Itu terjadi pada November 2023, saat perjalanan berkemah di Pulau Kangaroo, di selatan Australia. Pemiliknya, Georgia Gardner dan Josh Fishlock, mencarinya selama berhari-hari di semak belukar, tetapi harus pulang tanpa dirinya. Ia memiliki microchip dan AirTag di kalungnya. Keduanya tidak berguna di medan liar itu yang penuh dengan ular berbisa, panas ekstrem, dan predator.
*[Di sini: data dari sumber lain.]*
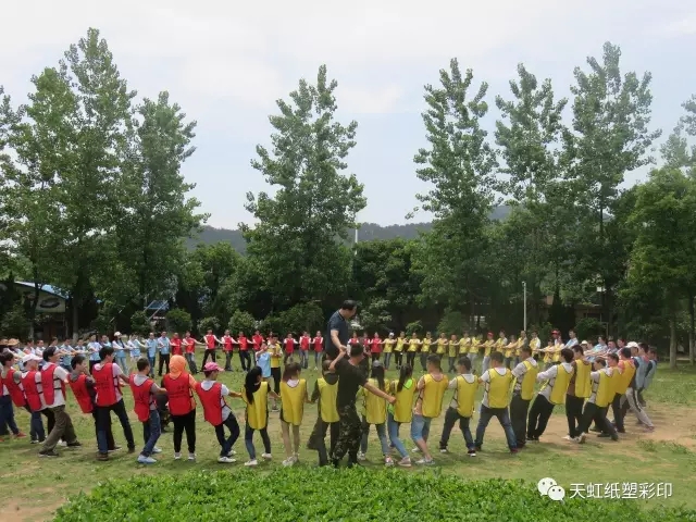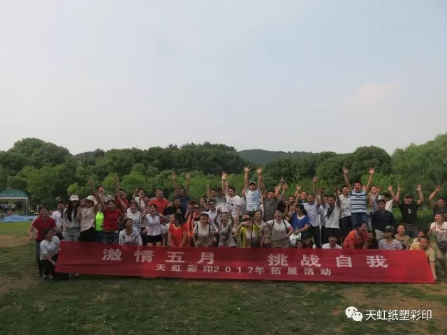 激情五月,挑戰(zhàn)自我,5月14日,天虹彩印公司組織員工進(jìn)行了團(tuán)建拓展活動(dòng)。活動(dòng)在風(fēng)景秀麗的九真山風(fēng)景區(qū)拉開(kāi)序幕,在教練的帶領(lǐng)下,所有團(tuán)隊(duì)成員開(kāi)展了破冰分組、動(dòng)感擊球、團(tuán)隊(duì)圣塔、動(dòng)力圈繩四個(gè)拓展項(xiàng)目。
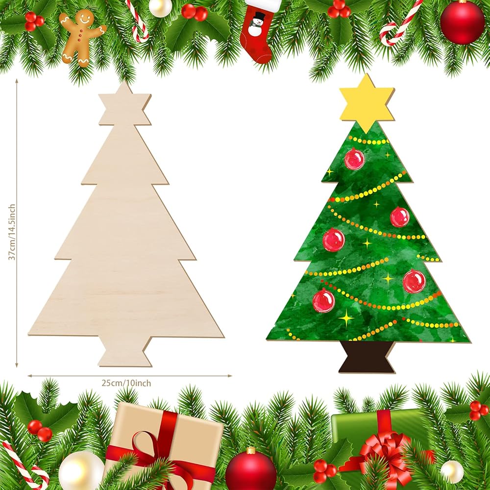 4 × ديكورات خشبية لشجرة عيد الميلاد غير منتهية

Berbulan-bulan berlalu. Banyak yang mengira hal terburuk telah terjadi. Hingga pada Februari 2025, seorang petani di pulau itu memotret seekor anjing kecil hitam yang berlari melintasi ladangnya, dan gambar itu sampai kepada Lisa Karran, dari Kangala Wildlife Rescue. Ia dan timnya memasang selusin perangkap berisi makanan dan bahkan jejak aroma yang dibuat menggunakan salah satu kaus lama Gardner. Mereka menangkap posum, kucing liar, dan walabi sebelum akhirnya menangkapnya
Setelah 529 hari sendirian, Valerie diselamatkan ketika para relawan berhasil memancingnya masuk ke dalam kandang untuk mencegahnya kabur lagi. Beberapa hari kemudian, ia kembali kepada pemiliknya dalam keadaan sehat, lebih kuat, dan hampir 2 kilo lebih berat daripada saat ia tersesat.